The Deafening Sound of Quiet



No birds.  No barking dogs. No rustling of leaves in the wind.  The only sound during most of my visit was the distant rumble of front-end loaders scooping up soaked discarded household debris from front lawns.

It is hard for me to believe that Hurricane Katrina hit New Orleans eight years ago this week.  Eight years!  Six weeks later I was helping my sister discard her still wet household belongings, most of which were destroyed during the three weeks her house sat in ten feet of stagnant water.

My strongest memories of that week are the smell of mold and the absence of sound.  I wore a mask, gloves, jeans and a long sleeved shirt to protect myself from the mold as I entered the house each day.  In the middle of the afternoon, when I could no longer stand the heat, humidity and sadness, I changed into clean shorts and a t-shirt out in the open in the back yard.  I was alone most days (my sister was at work most of that week, one of the lucky few whose job had returned) and there wasn’t anybody around to see me in my underwear; the next closest clean-up crew was a block away.

Everything had that moldy smell, including the few items we could salvage.  I washed my work clothes every day, hoping the smell didn’t travel with me to my cousin’s suburban house where I stayed that week.  I dropped off ‘keeper’ items at my sister’s friend’s house each day but the smell lingered in my mini-van for weeks after my return to Maryland.  Months later my sister sent me a package of mementos she had found.  As soon as I opened the box that smell hit me. For more than a year I would regularly wake up in the middle of the night with that smell in my nostrils, imagined no doubt but my brain perceived it as real.
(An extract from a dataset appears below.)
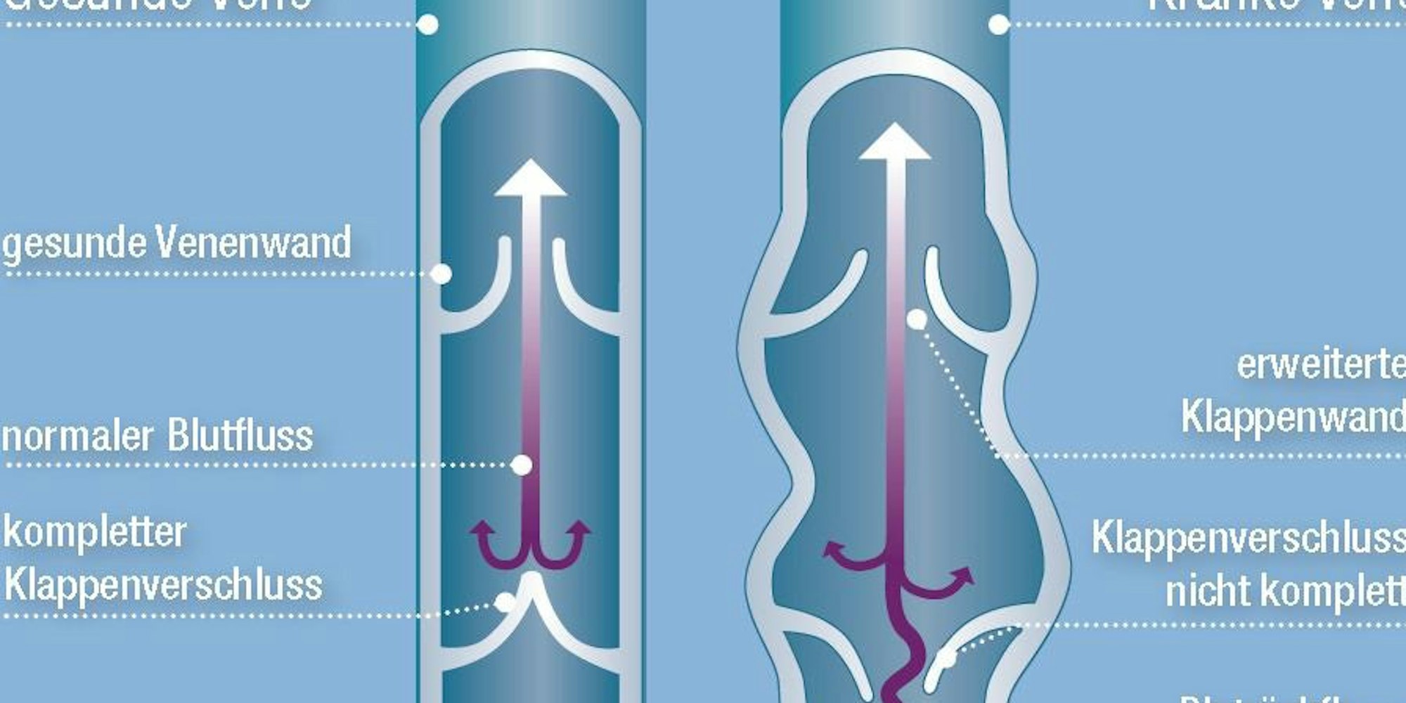Sind die Venenwände überlastet und die Venenklappen schließen nicht mehr richtig, versackt das Blut in den Beinen. Besenreiser und Krampfadern entstehen, die Beine fühlen sich schwer an.Wird nicht behandelt, drohen Venenentzündungen, offene Beine, Thrombosen und lebensbedrohliche Lungenembolien.

The house I was cleaning is the one where we grew up.  The pre-Katrina neighborhood sounds included children playing, dogs barking, cars taking a speedy short-cut down that street, air conditioners working hard to beat the heat, birds chirping in oak trees, mosquitoes buzzing at dusk.  None of those sounds filled my ears during that mid-October week in 2005.  The lack of those sounds was louder in my head and my heart that the heavy machinery of rebuilding or the police cars broadcasting curfew orders as sunset approached.

New Orleans is odd, quirky, unique and resilient.  People who never lived there provided a cacophony of commentary questioning the wisdom of rebuilding and predicting the death of the city.   Those of us who understand the nature of the place knew better.  NOLA natives like my sister and most of my family knew that one day the sound of chirping birds, barking dogs, mosquitoes and jazz would eventually replace rumbling of dump trucks and the sobbing of loss. 

For me though, this week always brings back memories of that moldy smell and the deafening sound of quiet.